Work instruction:
Omitting all images, give the entries that follow again exactly as they read.

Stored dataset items
- - - - -

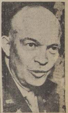
El general Eisenhower, coman- dante supremo de las fuerzas de invasión, quien ha trasladado su cuartel general desde Inglaterra a los campos de batalla del norte de Fran- cia

táculos importantes que cierren el paso hacia Paris.
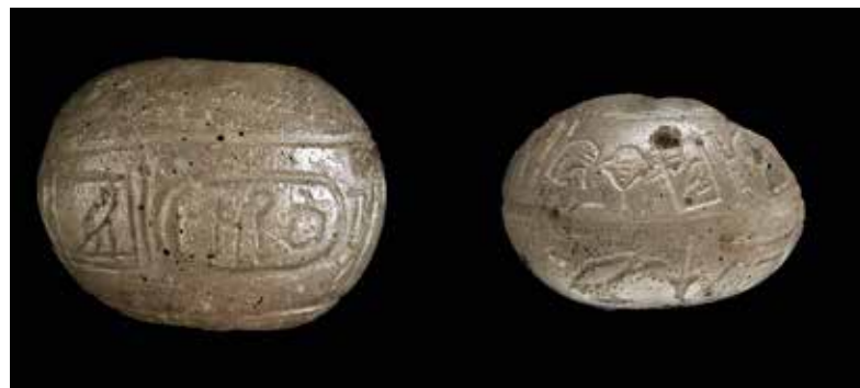
Abb. 6 Für beide Perlen wurde zunächst eine Fertigung aus Bergkristall angenommen, im Rahmen einer erneuten Untersuchung dann transparentes, nahezu farbloses Glas identifiziert. Lufteinschlüsse und eine in Teilen inhomogene Schmelze bewirken eine leichte Trübung. Deir el-Bahri. British Museum, London, EA 26289; 1,2 cm × 1,85 cm (H. × B.) und EA 26290; 2,12 cm (Durchmesser). – (Foto © The Trustees of the British Museum).

Anders als opakes Glas, lässt die transluzente Variante in unterschiedlichem Grad Licht durchscheinen. Transparenz hingegen bezeichnet nicht nur die Licht-, sondern auch Blickdurchlässigkeit bzw. Durchsichtigkeit, weshalb durch transparentes Glas auch nicht nur das Licht, sondern ebenso Dahinterliegendes relativ klar erkennbar ist. In der Beschreibung von Transparenz und Opazität antiker Gläser und anderer Materialien finden häufig noch Begriffe wie semi-opak und semi-transluzent Verwendung, durch die wohl zusätzlich ein eher geringes Maß der Lichtdurchlässigkeit hervorgehoben werden
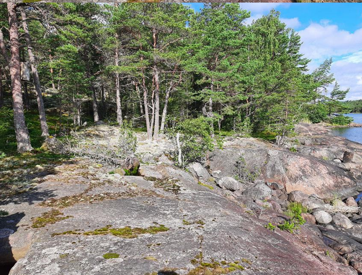
Kuvat 4 ja 5. Korttelin 3 tontin 1 rantaa.
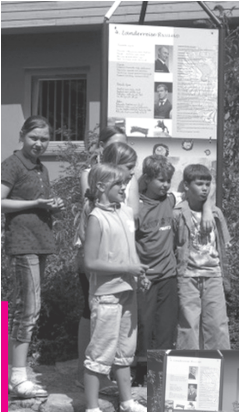
Die Grundschüler vor der von ihnen gestalteten Stele „Russland“.

Das Projekt „Länderreisen“ wird vom Projekt „Soziale Stadt“ und dem Sozialreferat der Stadt Würzburg, dem Bezirk Unterfranken und dem Kulturfonds Bayern sowie der Grundschule Würzburg-Heuchelhof gefördert und unterstützt
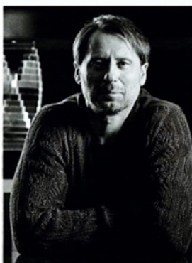
Портфолио архитектора http://archiprofi.ru/allportfolio/dmitry-pozarenko/

«Вдохновением при проектировании этого дома послужили старинные каменные амбары, поэтому стены были выполнены из местного башкирского сланца. В оформлении бассейна также активно использовано натуральное дерево—ещё один реверанс в сторону традиционной архитектуры. Красным деревом отделаны стены бассейна. Древесина ипе использована на примыкающей к бассейну просторной террасе, стены обшиты мербау, потолок—меранти. Эти породы отличаются по фактуре, но у всех—сближенный красновато-коричневатый цвет».
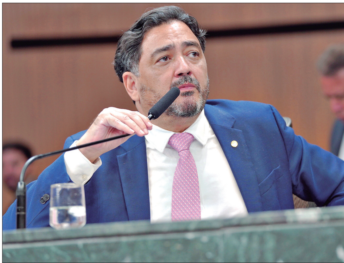
Deputado Talles Barreto, líder do governo na Alego, durante agenda na Assembleia Legislativa
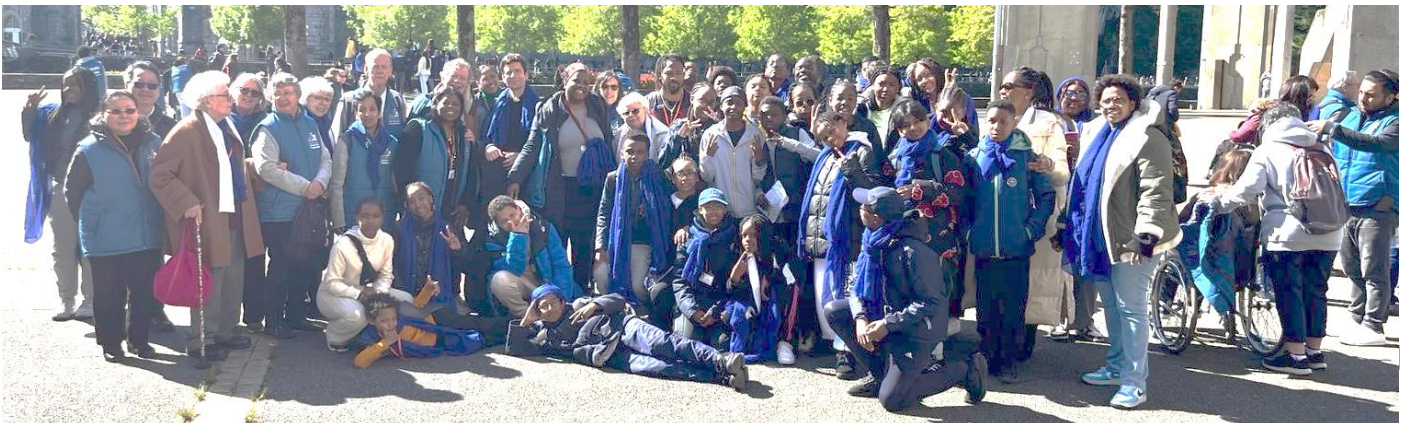
Les paroissiens et les jeunes de Cergy à Lourdes
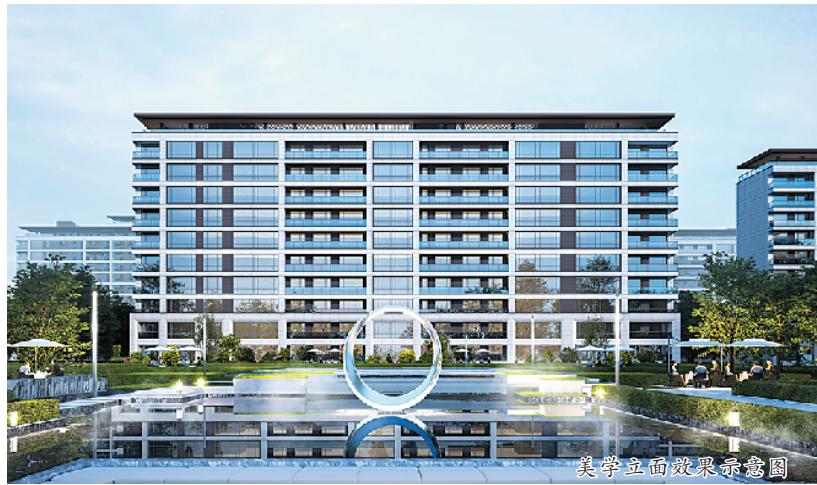
美学立面效果示意图

园林景观打造了6.8万平方米的东方官派山水园境，规划一河两轴、五园九景。中轴以水为脉南北贯通，犹如一只瑞狮象征着品位与智慧；东西两条超级景观绿轴，筑起家门口的静音空间和生态屏障：“四水归堂”下沉会所，地上回形连廊，营造如同
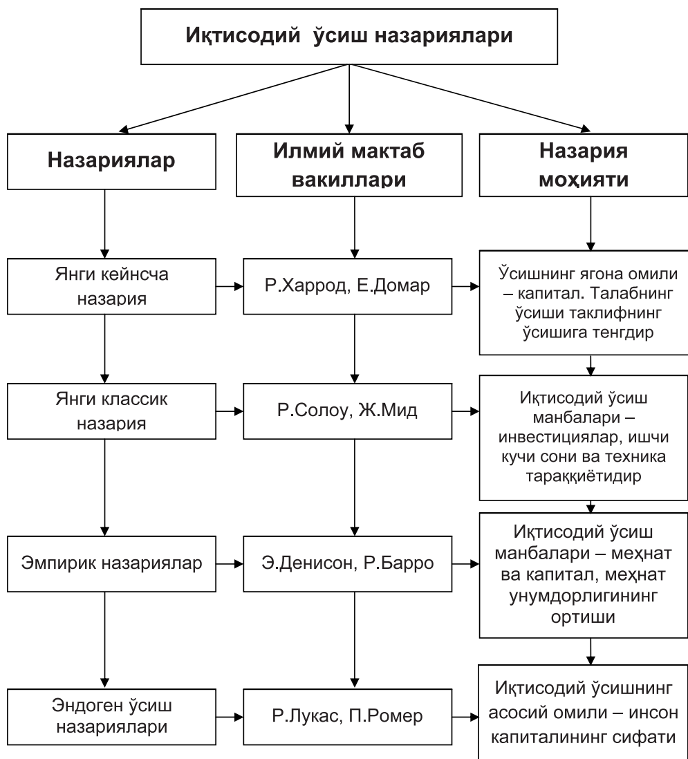
1-расм 1 . Эндоген ўсишнинг янги назариялари.

тирувчи ва мустаҳкамловчи иқтисодий-сиёсий вазият тенденцияси ҳукм сурмоқда.

- - - - -

Solution to this exercise:
El general Eisenhower, coman- dante supremo de las fuerzas de invasión, quien ha trasladado su cuartel general desde Inglaterra a los campos de batalla del norte de Fran- cia

táculos importantes que cierren el paso hacia Paris.
Abb. 6 Für beide Perlen wurde zunächst eine Fertigung aus Bergkristall angenommen, im Rahmen einer erneuten Untersuchung dann transparentes, nahezu farbloses Glas identifiziert. Lufteinschlüsse und eine in Teilen inhomogene Schmelze bewirken eine leichte Trübung. Deir el-Bahri. British Museum, London, EA 26289; 1,2 cm × 1,85 cm (H. × B.) und EA 26290; 2,12 cm (Durchmesser). – (Foto © The Trustees of the British Museum).

Anders als opakes Glas, lässt die transluzente Variante in unterschiedlichem Grad Licht durchscheinen. Transparenz hingegen bezeichnet nicht nur die Licht-, sondern auch Blickdurchlässigkeit bzw. Durchsichtigkeit, weshalb durch transparentes Glas auch nicht nur das Licht, sondern ebenso Dahinterliegendes relativ klar erkennbar ist. In der Beschreibung von Transparenz und Opazität antiker Gläser und anderer Materialien finden häufig noch Begriffe wie semi-opak und semi-transluzent Verwendung, durch die wohl zusätzlich ein eher geringes Maß der Lichtdurchlässigkeit hervorgehoben werden
Kuvat 4 ja 5. Korttelin 3 tontin 1 rantaa.
Die Grundschüler vor der von ihnen gestalteten Stele „Russland“.

Das Projekt „Länderreisen“ wird vom Projekt „Soziale Stadt“ und dem Sozialreferat der Stadt Würzburg, dem Bezirk Unterfranken und dem Kulturfonds Bayern sowie der Grundschule Würzburg-Heuchelhof gefördert und unterstützt
Портфолио архитектора http://archiprofi.ru/allportfolio/dmitry-pozarenko/

«Вдохновением при проектировании этого дома послужили старинные каменные амбары, поэтому стены были выполнены из местного башкирского сланца. В оформлении бассейна также активно использовано натуральное дерево—ещё один реверанс в сторону традиционной архитектуры. Красным деревом отделаны стены бассейна. Древесина ипе использована на примыкающей к бассейну просторной террасе, стены обшиты мербау, потолок—меранти. Эти породы отличаются по фактуре, но у всех—сближенный красновато-коричневатый цвет».
Deputado Talles Barreto, líder do governo na Alego, durante agenda na Assembleia Legislativa
Les paroissiens et les jeunes de Cergy à Lourdes
美学立面效果示意图

园林景观打造了6.8万平方米的东方官派山水园境，规划一河两轴、五园九景。中轴以水为脉南北贯通，犹如一只瑞狮象征着品位与智慧；东西两条超级景观绿轴，筑起家门口的静音空间和生态屏障：“四水归堂”下沉会所，地上回形连廊，营造如同
1-расм 1 . Эндоген ўсишнинг янги назариялари.

тирувчи ва мустаҳкамловчи иқтисодий-сиёсий вазият тенденцияси ҳукм сурмоқда.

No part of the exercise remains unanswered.